* **Input data**

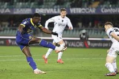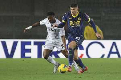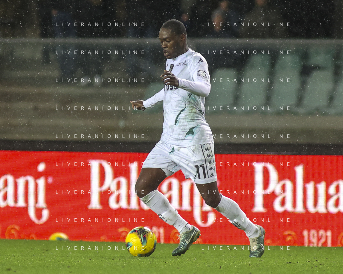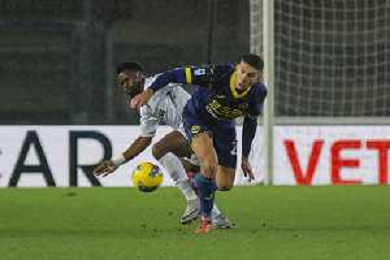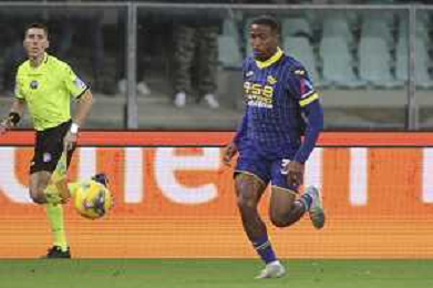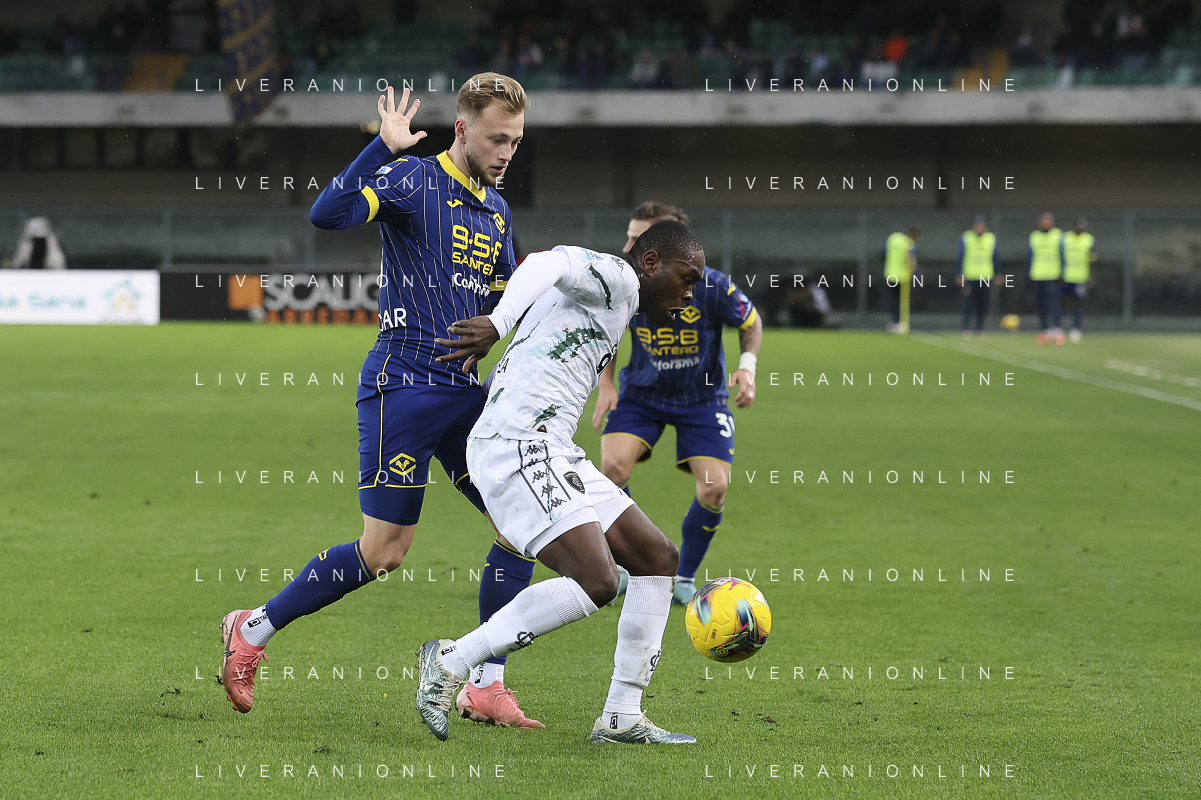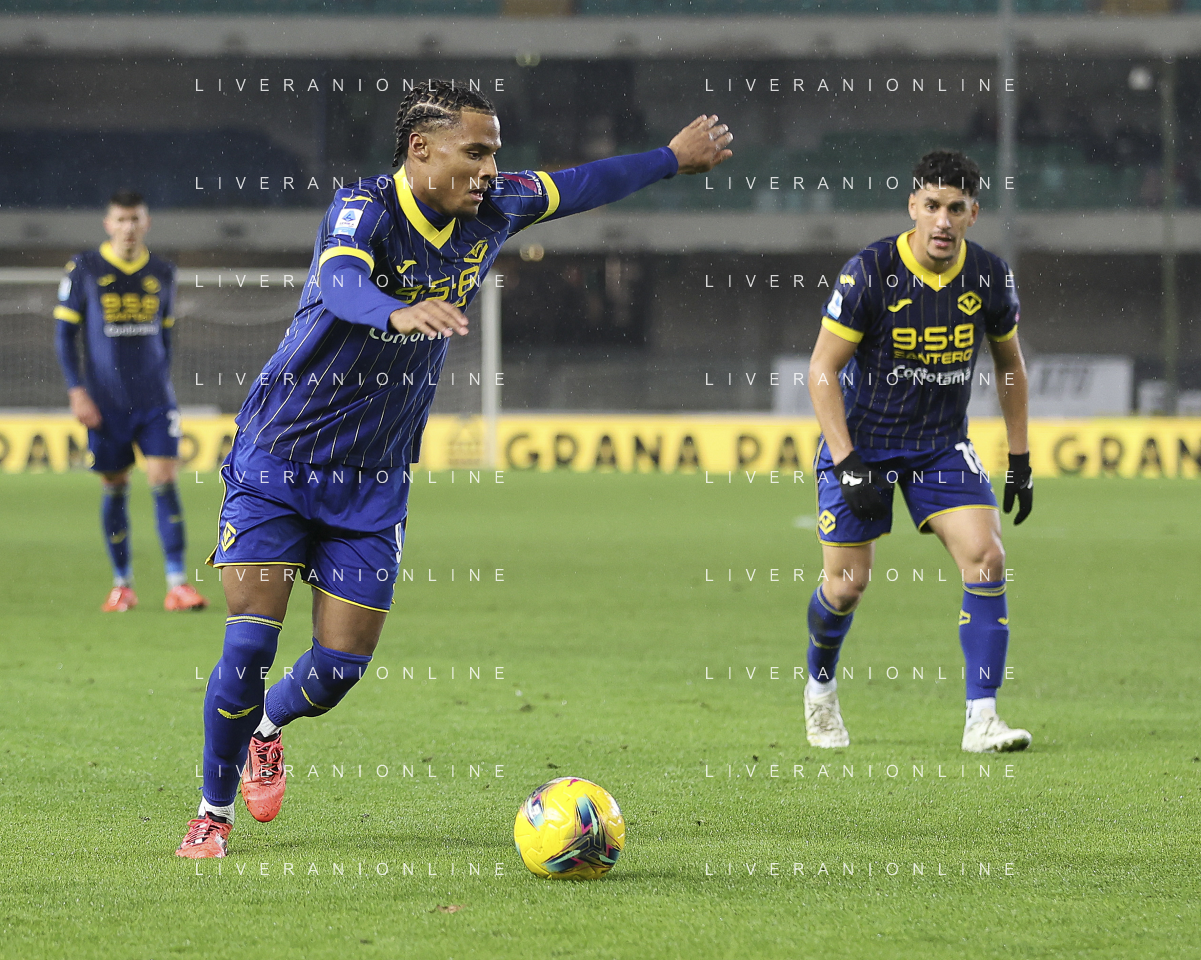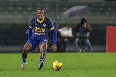 Amin Sarr of Hellas Verona FC play the ball during Hellas Verona FC vs Empoli FC, 15° Serie A Enilive 2024-25 game at Marcantonio Bentegodi stadium in Verona (VR), Italy, on Dicember 08, 2024. (Photo by Davide Casentini)- AGENZIA ALDO LIVERANI SAS
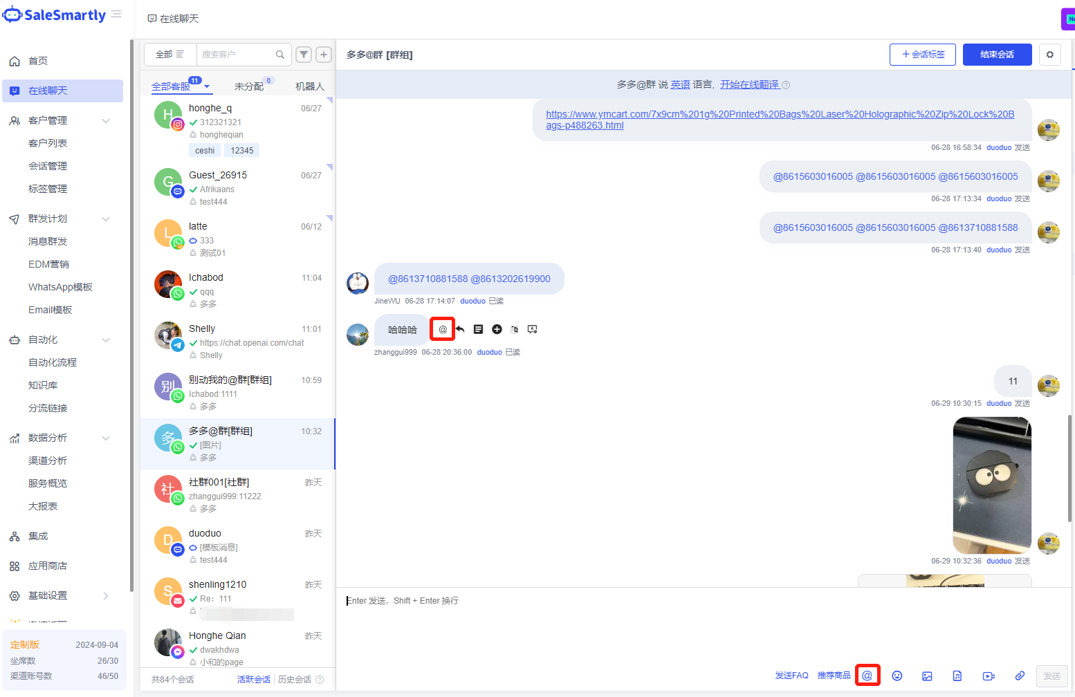 Usage scenario: Customer service can tag members in the WhatsApp group to make their reply messages more targeted and remind corresponding members.
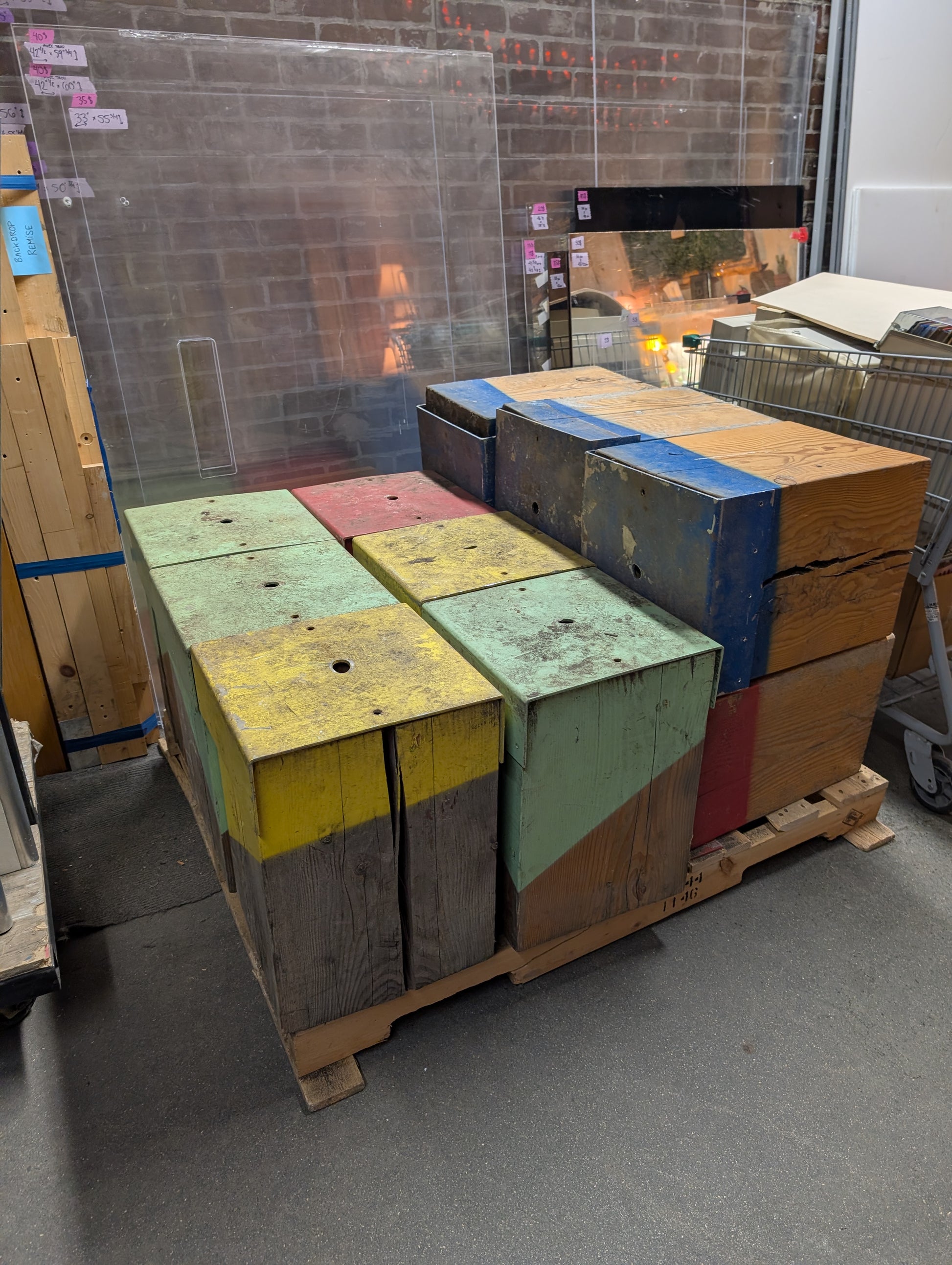 Banc d'extérieur fabriqué en bois d'épinette, partiellement peint en bleu, vert, rouge ou jaune. La plaque de métal se retire et le banc est réversible. Très lourd.
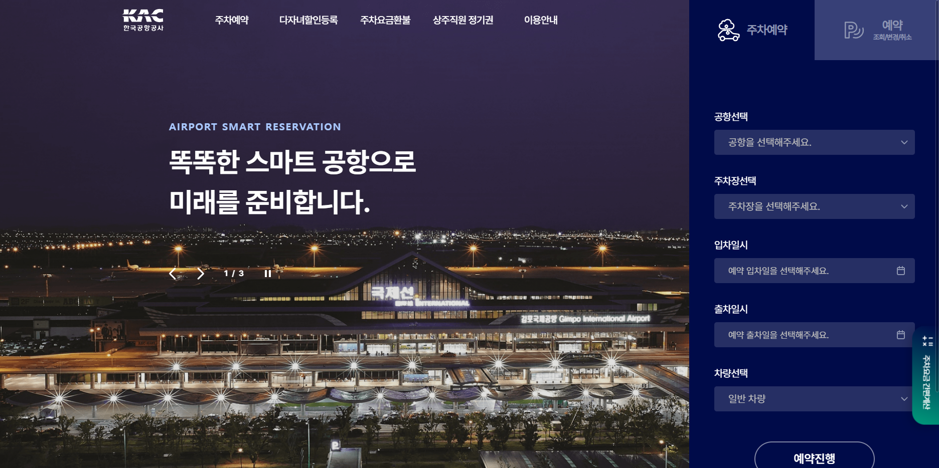 전국 공항 주차홈페이지입니다. 현재 주차공식대행업체는 홈페이지 연결이 원활하지 않아 이거로 대체합니다. 그리고 별도로 예약은 불가하며, 당일 접수만 되는 것으로 확인이 됩니다. 주차장은 별도로 예약은 가능해 만약 대행 없이 직접 주차하시는 경우라면 미리 사전에 예약 후 주차하시면 될 것 같네요.(주말에 예약은 거의 불가능해 보입니다.)

* **Work instruction**
Precisely those lines above that run from the line with "Usage scenario: Customer" up to and including the line with "Banc d'extérieur fabriqué" are to be set down, with the pictures omitted.

* **Exercise answer**
 Usage scenario: Customer service can tag members in the WhatsApp group to make their reply messages more targeted and remind corresponding members.
 Banc d'extérieur fabriqué en bois d'épinette, partiellement peint en bleu, vert, rouge ou jaune. La plaque de métal se retire et le banc est réversible. Très lourd.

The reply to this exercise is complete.